Data Start Marker

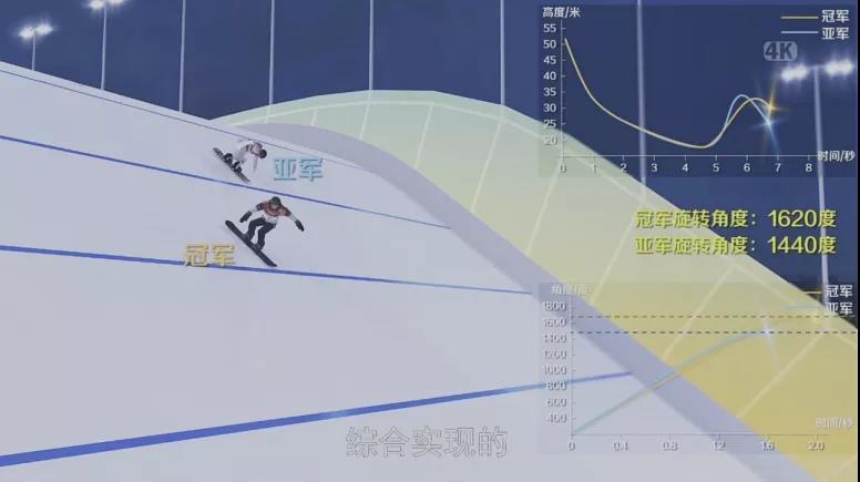 同時(shí),通過(guò)技術(shù)手段對(duì)運(yùn)動(dòng)員動(dòng)作進(jìn)行量化分析,將滑行速度、騰空高度、落地遠(yuǎn)度、旋轉(zhuǎn)角度等一系列運(yùn)動(dòng)數(shù)據(jù)與原始畫面疊加起來(lái),這解決了高速度、高難度動(dòng)作還原的難題。技術(shù)呈現(xiàn)的畫面再配合專業(yè)解說(shuō)的技術(shù)分解,觀眾可以更直觀地從流暢性、完成度、難度、多樣性和美觀度等角度了解選手之間的技術(shù)差異,輕松看懂冠、亞軍之爭(zhēng)。
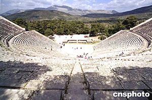神話、史詩(shī)、戲劇是古希臘的重要文明,伯羅奔尼撒半島東南方的埃庇達(dá)洛斯劇場(chǎng)為公元前四世紀(jì)所建,呈圓扇面形,共有55層座位,每層兩階梯,可容納14000人。其音效奇佳,在圓心處低語(yǔ)或掉下一塊銅幣,坐在最后一排也能聽(tīng)得真切。作者:田地
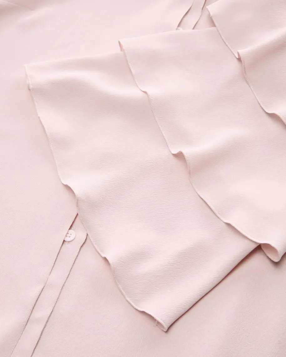 Hemdbluse für Damen von Luisa Cerano in Puder. Das Modell begeistert mitleichtem Seiden-Mix in feiner Struktur, welche ein angenehmes Tragegefühlbeschert. Das raffinierte Falten-Detail entlang der Knopfleiste sowie dieromantischen Volants-Ärmel kreieren einen femininen Gesamt-Look.
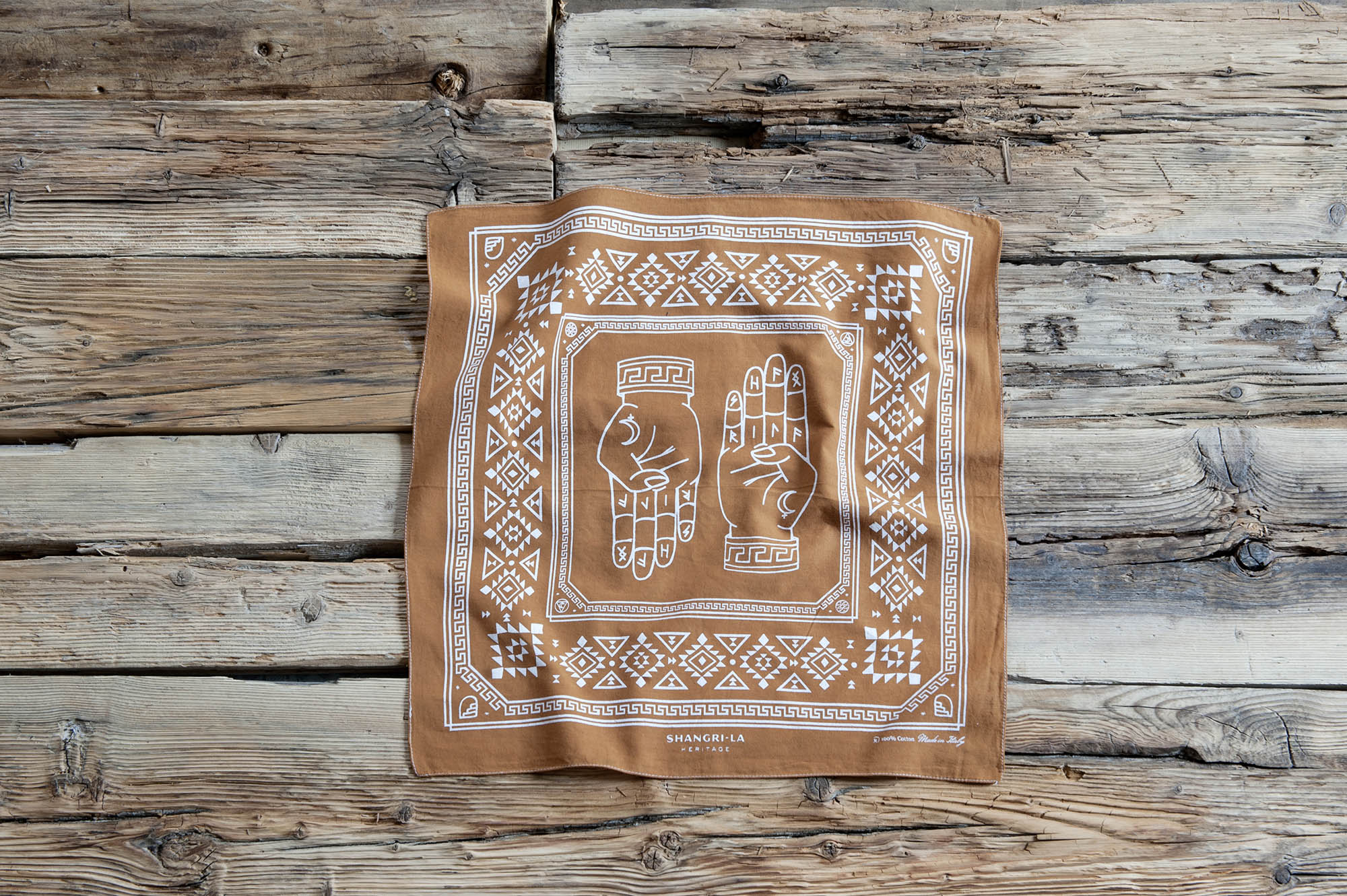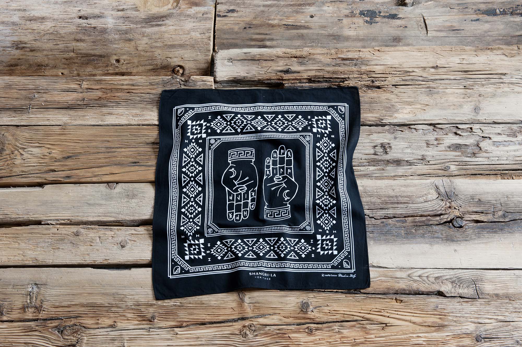 Inspired by the original Navajo designs from American Indians with a Mystic Hand on the center, this authentic Bandana shines bright with a lot of deep meanings.

Data End Marker

#### Directions for this task:
Repeat each line of the material exactly, please, and skip every picture.

#### Solution for this task:
 同時(shí),通過(guò)技術(shù)手段對(duì)運(yùn)動(dòng)員動(dòng)作進(jìn)行量化分析,將滑行速度、騰空高度、落地遠(yuǎn)度、旋轉(zhuǎn)角度等一系列運(yùn)動(dòng)數(shù)據(jù)與原始畫面疊加起來(lái),這解決了高速度、高難度動(dòng)作還原的難題。技術(shù)呈現(xiàn)的畫面再配合專業(yè)解說(shuō)的技術(shù)分解,觀眾可以更直觀地從流暢性、完成度、難度、多樣性和美觀度等角度了解選手之間的技術(shù)差異,輕松看懂冠、亞軍之爭(zhēng)。
神話、史詩(shī)、戲劇是古希臘的重要文明,伯羅奔尼撒半島東南方的埃庇達(dá)洛斯劇場(chǎng)為公元前四世紀(jì)所建,呈圓扇面形,共有55層座位,每層兩階梯,可容納14000人。其音效奇佳,在圓心處低語(yǔ)或掉下一塊銅幣,坐在最后一排也能聽(tīng)得真切。作者:田地
 Hemdbluse für Damen von Luisa Cerano in Puder. Das Modell begeistert mitleichtem Seiden-Mix in feiner Struktur, welche ein angenehmes Tragegefühlbeschert. Das raffinierte Falten-Detail entlang der Knopfleiste sowie dieromantischen Volants-Ärmel kreieren einen femininen Gesamt-Look.
 Inspired by the original Navajo designs from American Indians with a Mystic Hand on the center, this authentic Bandana shines bright with a lot of deep meanings.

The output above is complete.